基体与填料之间可以通过以下两种方式链接:共价键与非共价作用。相比于非共价作用力,共价键可以使填料与基体结合的作用力更强,显著降低填料与基体之间声子散射效应,从而提高复合材料的导热性能。
发明内容
基于上述现有技术所存在的问题,本发明提供一种聚酰亚胺基改性氮化硼纳米片导热复合材料的制备方法,旨在提高复合材料的导热性能。
本发明为实现目的,采用如下技术方案:
本发明公开了一种聚酰亚胺基改性氮化硼纳米片导热复合材料的制备方法,其特点在于:首先通过超声剥离氮化硼法得到氮化硼纳米片,记为BNNS;然后将多巴胺(DA)与BNNS通过原位聚合反应,得到聚多巴胺(PDA)改性氮化硼纳米片导热填料,记为PDA@BNNS;最后通过原位聚合法与化学亚胺法,制备以聚酰亚胺为基体、以PDA@BNNS为填料的聚多巴胺@氮化硼/聚酰亚胺导热复合材料,记为PDA@BNNS/PI。具体包括如下步骤:
步骤1、BNNS的制备
将1.2~1.6g h-BN、400mL去离子水和1.2~1.6g氧化锆磨球(直径:0.15/0.30mm=0.6~0.8/0.6~0.8g)放入溶剂瓶中进行超声,离心,所得产物经去离子水洗涤、60℃下干燥,得到BNNS;
步骤2、PDA@BNNS的合成
将0.2~0.25g BNNS放入20~25mL pH=8.5的Tris-HCl缓冲液中,搅拌均匀后,加入30~35mg多巴胺,然后搅拌14~16h,所得产物用乙醇离心洗涤以消除残留的多巴胺(DA)与聚多巴胺,最后在60℃下干燥,得到PDA@BNNS粉末;
步骤3、PDA@BNNS/PAA/PI的合成
在氮气气氛下,向三颈烧瓶中加入0.5940~0.5950g 4,4-二氨基二苯甲烷和8.5~9.5mLN,N二甲基甲酰胺并溶解,加入PDA@BNNS并搅拌1~2h,在冰水浴下搅拌5~10min,然后加入0.9000~0.9010g 3,3’-4,4’-联苯四甲酸二酐和0.4~0.5g分子筛,在冰水浴中搅拌15~20min,得到PDA@BNNS/PAA溶液;随后加入0.15~0.2mL三乙胺和0.08~0.1mL吡啶的混合溶液,得到PDA@BNNS/PAA/PI溶液;
步骤4、PDA@BNNS/PI的合成
将步骤3所得PDA@BNNS/PAA/PI溶液浇注在干净的玻璃基板上,用刮刀进行涂层,并在60~70℃下干燥45~60min;最后通过梯度热亚胺化,即制得PDA@BNNS/PI导热复合材料。

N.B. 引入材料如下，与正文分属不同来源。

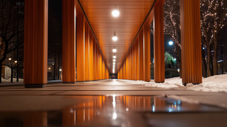 Nighttime view of a wooden corridor illuminated by warm lights near a snow-covered ground in an urban area
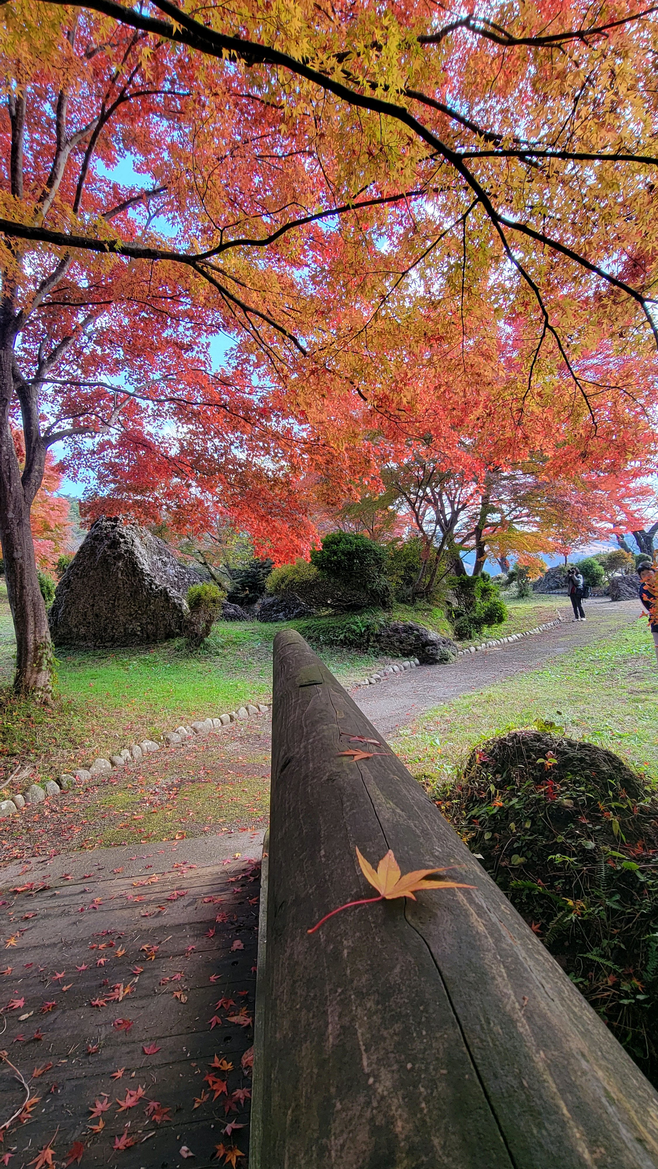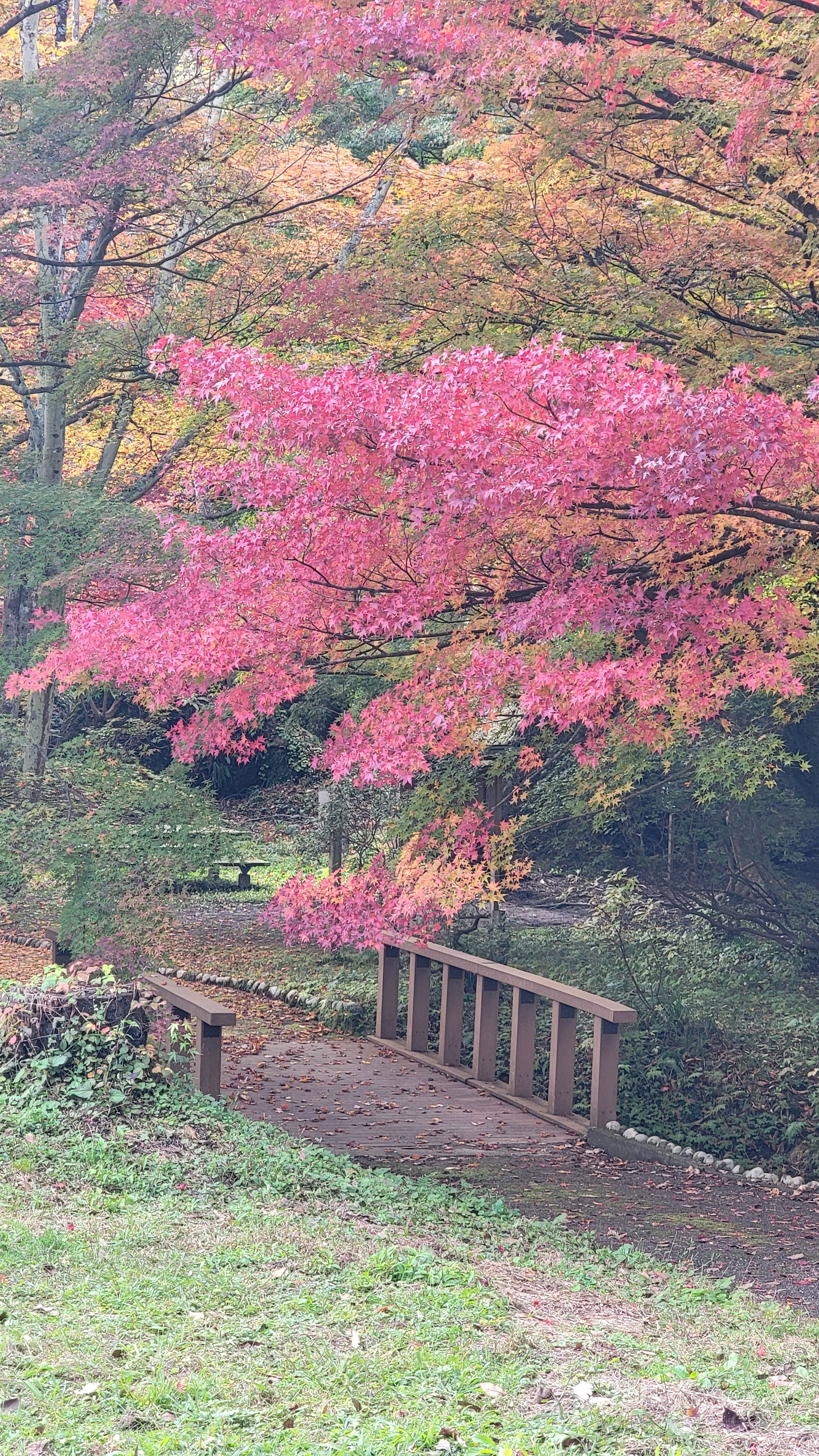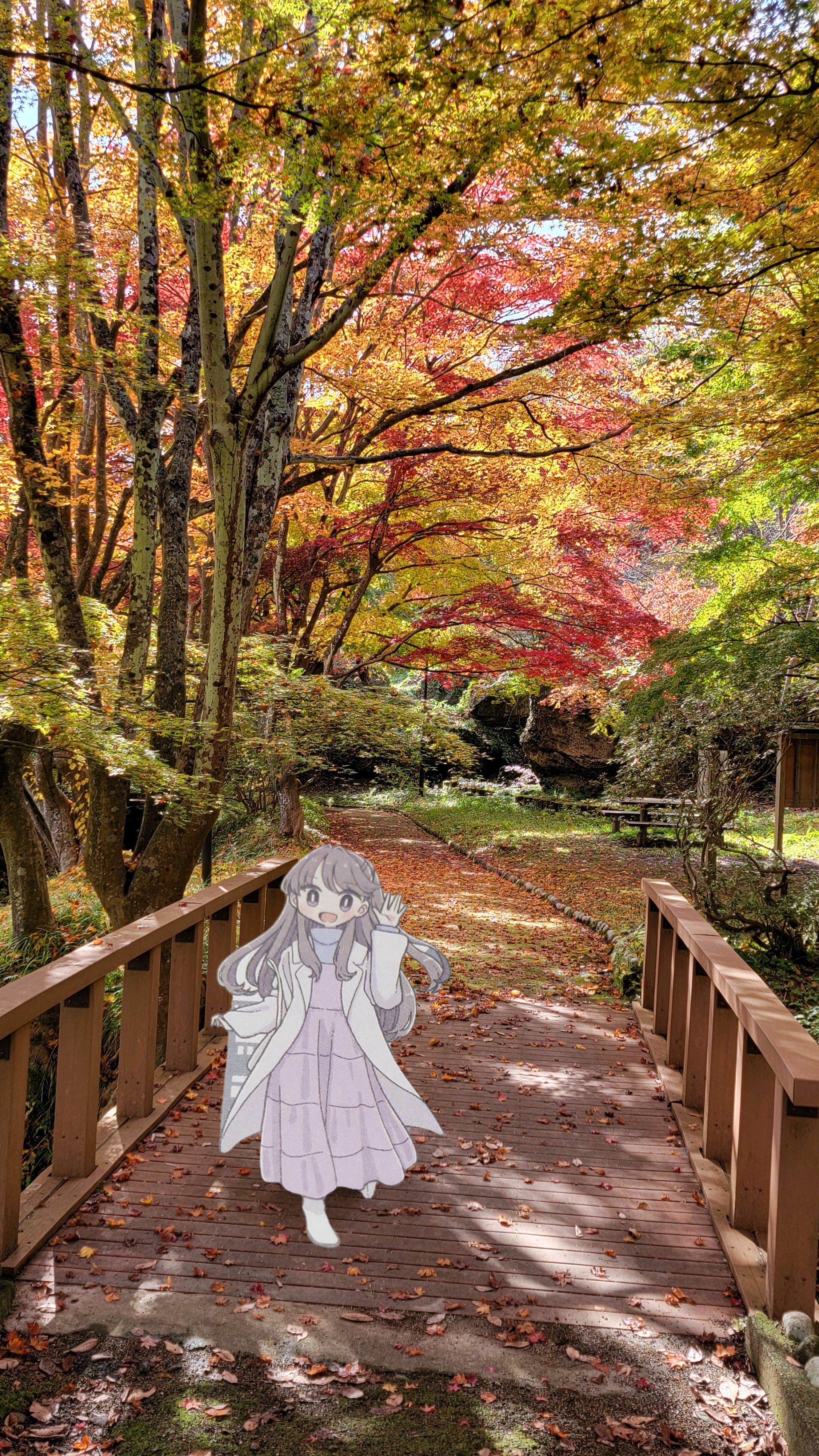 わたり橋手すりに🍁と紅葉🍁

进一步地,步骤2中,所述Tris-HCl缓冲液的配置方法为:在室温(25℃)下,将50mL摩尔浓度为0.1mol/L的三羟甲基氨基甲烷溶液与14.7mL摩尔浓度为0.1mol/L的盐酸标准溶液混匀并稀释至100mL,得到pH=8.5的Tris-HCl缓冲液。
进一步地,步骤3中,PDA@BNNS的加入量占4,4-二氨基二苯甲烷、3,3’-4,4’-联苯四甲酸二酐与PDA@BNNS总质量的5~15wt%。

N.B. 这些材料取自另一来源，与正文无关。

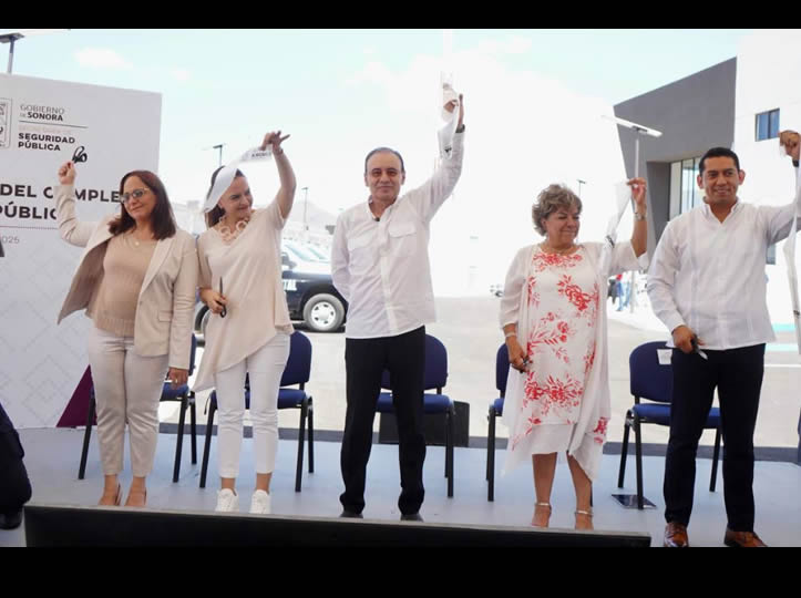 Guaymas, Sonora; 21 de julio de 2025.- Como parte de la Estrategia Nacional de Construcción de Paz en Sonora, el gobernador Alfonso Durazo Montaño y la subsecretaria de Gobernación Rocío Bárcena Molina, encabezaron una gira de trabajo por el sur del estado para la inauguración del Complejo de Seguridad Pública en Guaymas, con una inversión de 300 millones de pesos y llevaron a cabo la instalación del Consejo Estatal de Paz y Justicia Cívica en Cajeme.
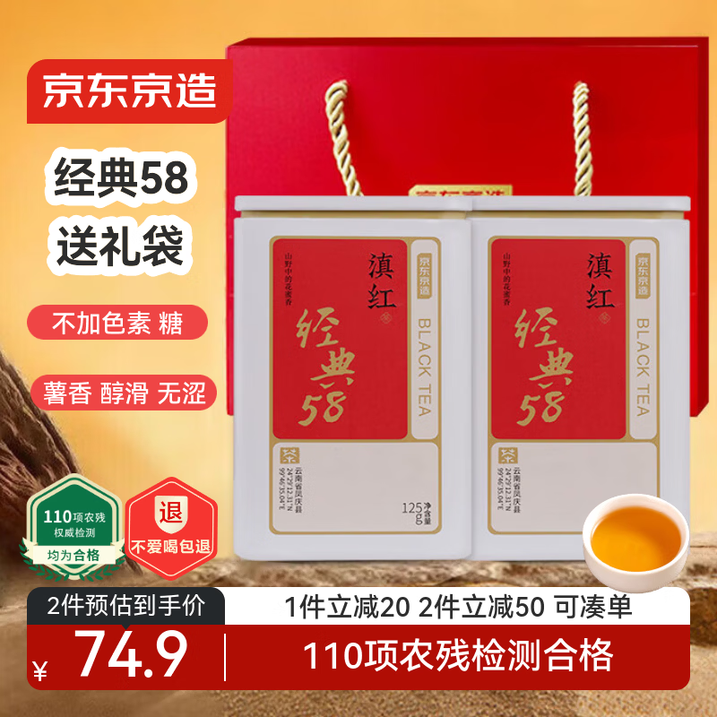 京东京造 云南凤庆滇红红茶经典58薯香浓香250g新茶茶叶伴手礼盒自营送礼

进一步地,步骤4中,所述梯度热亚胺化的程序为:首先在120℃加热1h,然后在200℃加热1h,最后在250℃加热1h。
本发明还公开了按照上述制备方法所获得的PDA@BNNS/PI导热复合材料。
本发明的有益效果体现在:
1、本发明在复合材料内部通过共价键构建出氮化硼纳米片与聚酰亚胺热传递路径,得益于功能化物质聚多巴胺与聚酰亚胺之间形成的C-N-C键的作用,大大增强了氮化硼纳米片与基体的热传递性能。同时,聚多巴胺与氮化硼纳米片之间形成的π-π非共价作用力也有效提升了填料的分散性,完善复合材料整体导热性能。
2、本发明的方法可以将羧基封端的PAA(聚酰胺酸)与功能化氮化硼纳米片之间通过C-N-C键相连,通过增强氮化硼纳米片与PI基体的相容性,从而在刮膜过程中实现更好的取向,进而提高复合材料的热导率。
附图说明
图1为本发明功能化氮化硼纳米片与聚酰胺酸的反应机理图,其中(a)为多巴胺聚合为聚多巴胺的过程,(b)为多巴胺改性氮化硼纳米片后与聚酰胺酸的反应机理图,(c)为聚酰胺酸部分亚胺化为聚酰亚胺的过程。

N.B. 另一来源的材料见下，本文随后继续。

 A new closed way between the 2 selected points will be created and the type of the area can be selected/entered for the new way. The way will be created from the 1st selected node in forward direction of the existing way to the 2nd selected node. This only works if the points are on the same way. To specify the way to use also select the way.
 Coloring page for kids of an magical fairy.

图2为本发明实施例1所用BN原料和所得BNNS的SEM图,其中(a)为BN、(b)为BNNS。
图3为本发明对比例3和实施例3所得复合材料的SEM图,其中(a)为对比例3所得BNNS/PI、(b)为实施例3所得PDA@BNNS/PI。
图4为本发明各实施例和对比例所得复合材料的导热系数图。
具体实施方式
下面对本发明的实施例作详细说明,本实施例在以本发明技术方案为前提下进行实施,给出了详细的实施方式和具体的操作过程,但本发明的保护范围不限于下述的实施例。
实施例1
本实施例按如下步骤制备5wt%PDA@BNNS/PI复合材料:
步骤1、BNNS的制备
将1.2gh-BN、400mL去离子水和1.2g氧化锆磨球(直径0.15mm和直径0.30mm各0.6g)放入500mL溶剂瓶中进行超声48h,离心,所得产物经去离子水洗涤、60℃下干燥,得到BNNS。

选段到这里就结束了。